*** Opening Information supplied ***
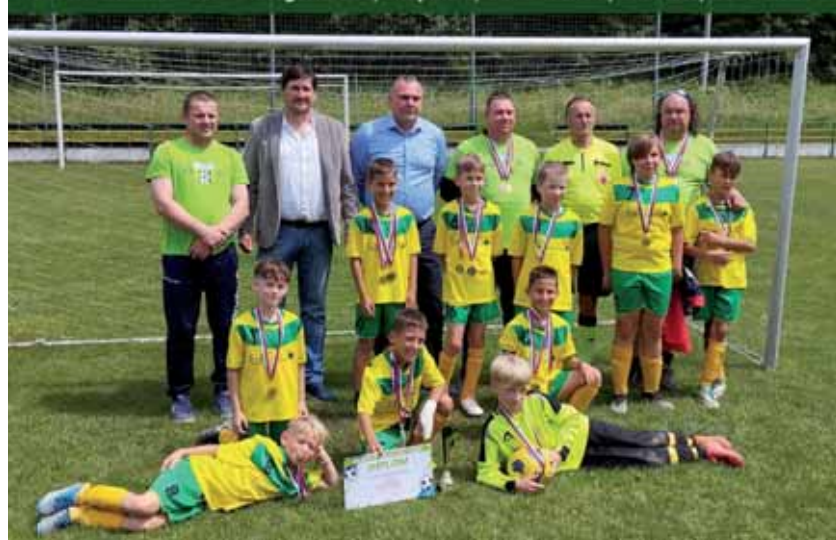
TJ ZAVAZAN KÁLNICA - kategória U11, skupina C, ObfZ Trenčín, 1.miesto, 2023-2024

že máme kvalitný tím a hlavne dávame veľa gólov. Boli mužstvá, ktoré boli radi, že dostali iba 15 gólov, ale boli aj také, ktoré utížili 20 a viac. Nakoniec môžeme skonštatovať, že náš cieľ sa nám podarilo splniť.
*** Closing Information supplied ***
*** Opening Information supplied ***
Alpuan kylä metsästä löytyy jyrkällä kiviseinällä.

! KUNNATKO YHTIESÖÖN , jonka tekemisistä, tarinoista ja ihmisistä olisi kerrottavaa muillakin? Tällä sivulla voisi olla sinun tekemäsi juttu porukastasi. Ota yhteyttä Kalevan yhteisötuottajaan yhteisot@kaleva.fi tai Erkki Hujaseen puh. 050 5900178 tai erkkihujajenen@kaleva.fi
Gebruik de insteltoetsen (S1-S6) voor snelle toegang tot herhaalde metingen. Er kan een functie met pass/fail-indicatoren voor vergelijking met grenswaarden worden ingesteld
*** Closing Information supplied ***
Your task is to transcribe, with no changes, only the lines of the listing above that lie between the line holding "TJ ZAVAZAN KÁLNICA" and the line holding "že máme kvalitný", inclusive.

▶ [Result of this exercise]:
TJ ZAVAZAN KÁLNICA - kategória U11, skupina C, ObfZ Trenčín, 1.miesto, 2023-2024

že máme kvalitný tím a hlavne dávame veľa gólov. Boli mužstvá, ktoré boli radi, že dostali iba 15 gólov, ale boli aj také, ktoré utížili 20 a viac. Nakoniec môžeme skonštatovať, že náš cieľ sa nám podarilo splniť.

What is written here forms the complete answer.